- Exercise details -
Write out the listing exactly, dropping any picture it contains.

- Available data -
= Beginning of Section =
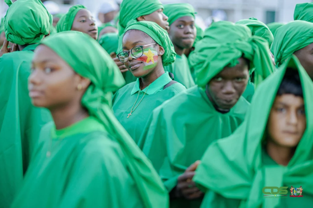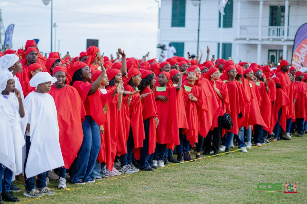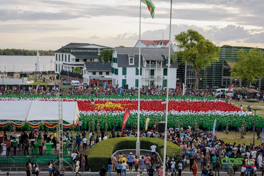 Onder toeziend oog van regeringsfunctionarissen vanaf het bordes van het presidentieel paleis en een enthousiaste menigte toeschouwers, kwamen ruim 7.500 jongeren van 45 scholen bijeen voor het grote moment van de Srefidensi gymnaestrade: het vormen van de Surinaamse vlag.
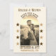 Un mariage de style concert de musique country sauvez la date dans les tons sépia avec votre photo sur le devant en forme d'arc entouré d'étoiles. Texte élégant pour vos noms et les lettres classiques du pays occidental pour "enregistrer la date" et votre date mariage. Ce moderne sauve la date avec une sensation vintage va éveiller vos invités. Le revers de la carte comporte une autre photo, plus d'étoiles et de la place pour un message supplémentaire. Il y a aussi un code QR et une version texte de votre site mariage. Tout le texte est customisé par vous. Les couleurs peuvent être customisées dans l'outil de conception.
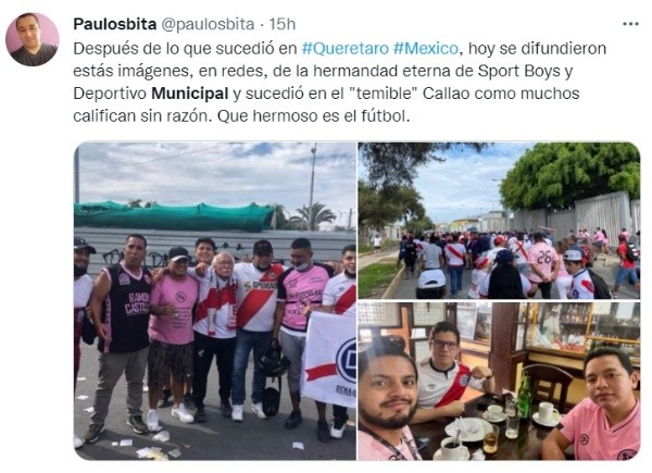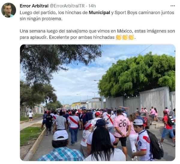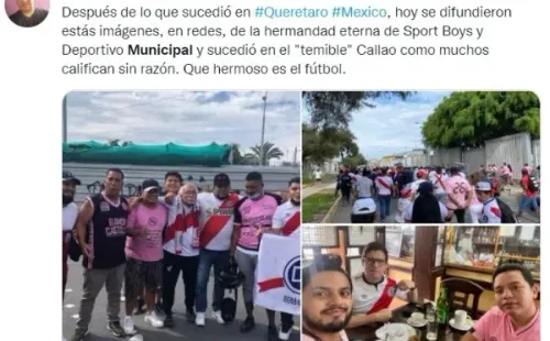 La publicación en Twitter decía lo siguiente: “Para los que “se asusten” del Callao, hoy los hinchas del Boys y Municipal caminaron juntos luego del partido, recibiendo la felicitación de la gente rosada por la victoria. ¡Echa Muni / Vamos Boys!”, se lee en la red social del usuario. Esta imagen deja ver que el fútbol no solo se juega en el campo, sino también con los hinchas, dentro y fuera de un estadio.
= End of Section =
- Answer box -
 Onder toeziend oog van regeringsfunctionarissen vanaf het bordes van het presidentieel paleis en een enthousiaste menigte toeschouwers, kwamen ruim 7.500 jongeren van 45 scholen bijeen voor het grote moment van de Srefidensi gymnaestrade: het vormen van de Surinaamse vlag.
 Un mariage de style concert de musique country sauvez la date dans les tons sépia avec votre photo sur le devant en forme d'arc entouré d'étoiles. Texte élégant pour vos noms et les lettres classiques du pays occidental pour "enregistrer la date" et votre date mariage. Ce moderne sauve la date avec une sensation vintage va éveiller vos invités. Le revers de la carte comporte une autre photo, plus d'étoiles et de la place pour un message supplémentaire. Il y a aussi un code QR et une version texte de votre site mariage. Tout le texte est customisé par vous. Les couleurs peuvent être customisées dans l'outil de conception.
 La publicación en Twitter decía lo siguiente: “Para los que “se asusten” del Callao, hoy los hinchas del Boys y Municipal caminaron juntos luego del partido, recibiendo la felicitación de la gente rosada por la victoria. ¡Echa Muni / Vamos Boys!”, se lee en la red social del usuario. Esta imagen deja ver que el fútbol no solo se juega en el campo, sino también con los hinchas, dentro y fuera de un estadio.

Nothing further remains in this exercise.